- WORK ITEM -
From the first line to the last, repeat the data exactly but leave out the pictures.

- RECORDED DATA -
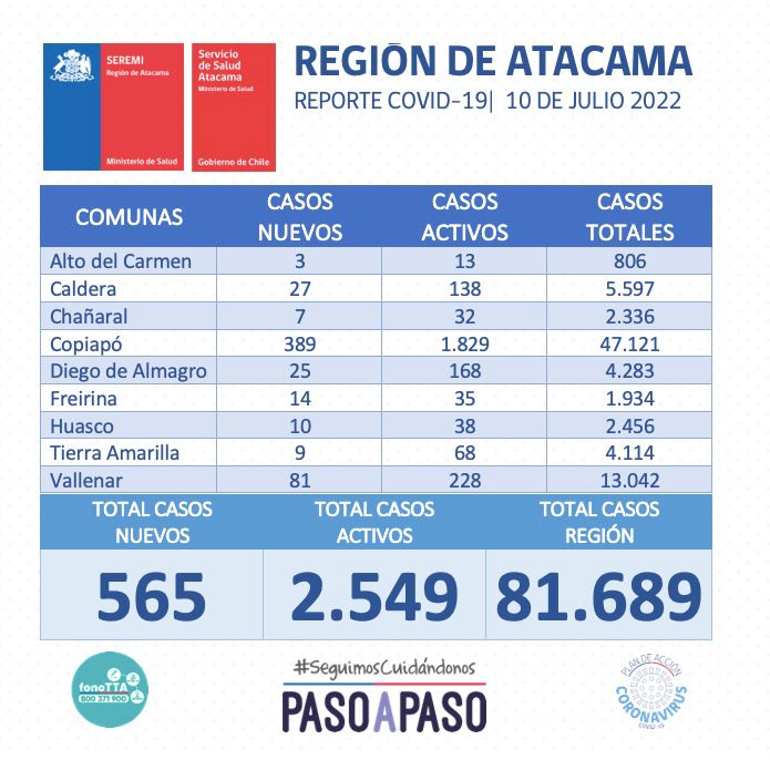 La Autoridad Sanitaria informó que ayer domingo 10 de julio se reportaron nuevos 565 casos positivos de Coronavirus en la región de Atacama.
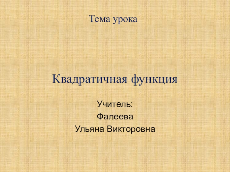 Тема урокаКвадратичная функцияУчитель: Фалеева Ульяна Викторовна
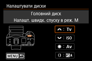 : Режим затвору] вибрано значення [Електронний], а для [Та ж витримка д/нов. діафр.] — значення [Витримка] або [Чутливість ISO/витримка].
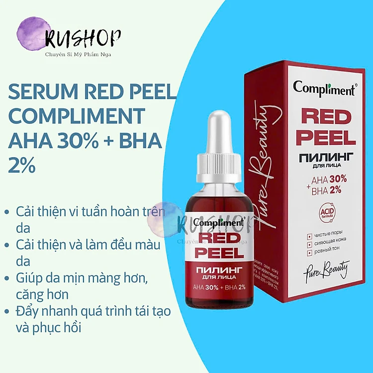 Serum Red Peel Compliment AHA 30% + BHA 2% cải thiện làn da, se khít chân lông 27ml
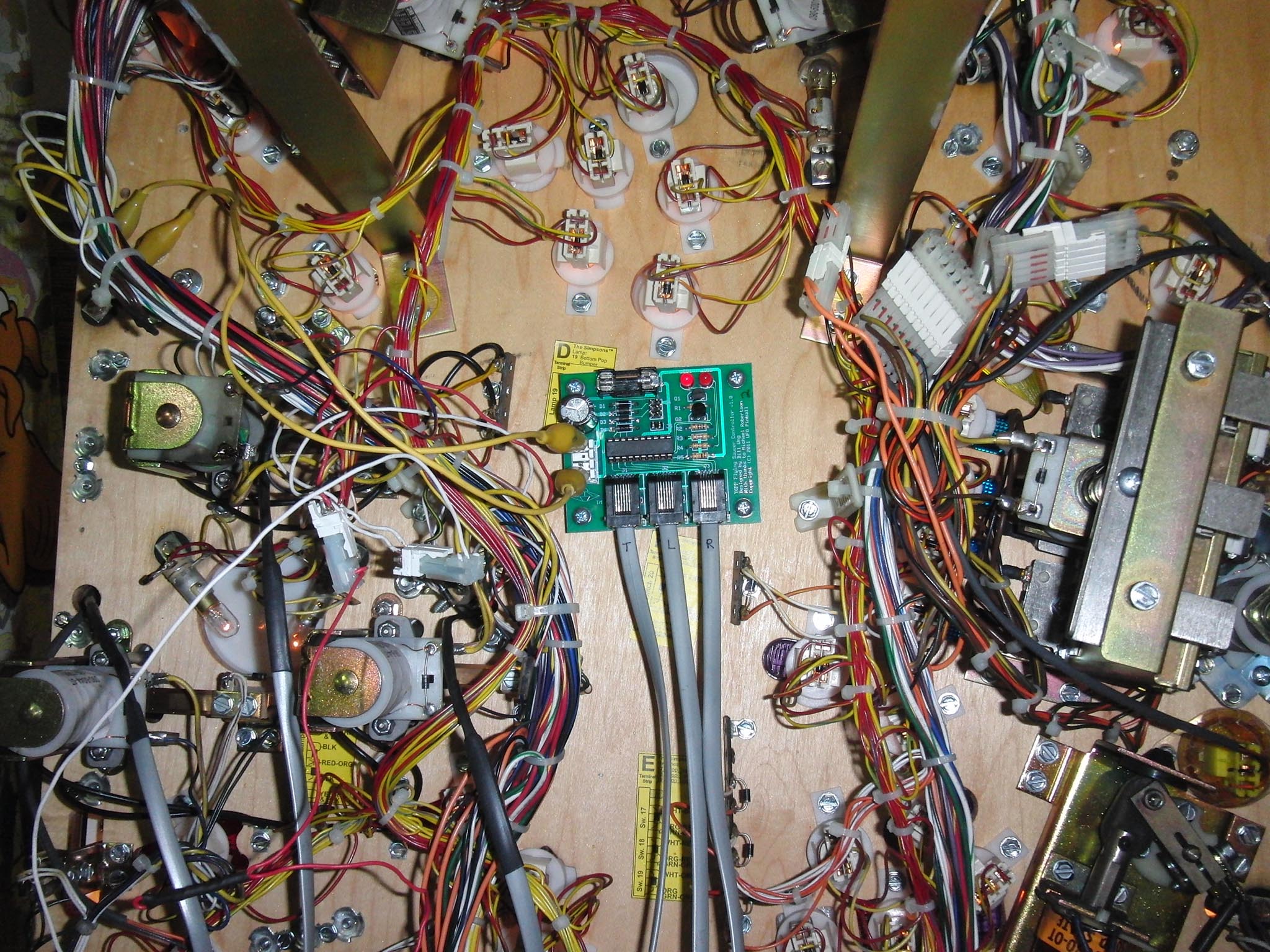 The above picture is from TJ Beyer's game at the Pin-a-Go-Go in 2011 and does not include a proper power wiring harness. The finished product will include a wiring harness and bare wire connections on the end. The alligator clips were for testing purposes, you will need to actually solder the wires to ensure stability in a high vibration machine. You may solder the wires to any GI lamp, click on the picture above to see where we connected ours.

- SOLUTION FOR THIS EXERCISE -
 La Autoridad Sanitaria informó que ayer domingo 10 de julio se reportaron nuevos 565 casos positivos de Coronavirus en la región de Atacama.
 Тема урокаКвадратичная функцияУчитель: Фалеева Ульяна Викторовна
 : Режим затвору] вибрано значення [Електронний], а для [Та ж витримка д/нов. діафр.] — значення [Витримка] або [Чутливість ISO/витримка].
 Serum Red Peel Compliment AHA 30% + BHA 2% cải thiện làn da, se khít chân lông 27ml
 The above picture is from TJ Beyer's game at the Pin-a-Go-Go in 2011 and does not include a proper power wiring harness. The finished product will include a wiring harness and bare wire connections on the end. The alligator clips were for testing purposes, you will need to actually solder the wires to ensure stability in a high vibration machine. You may solder the wires to any GI lamp, click on the picture above to see where we connected ours.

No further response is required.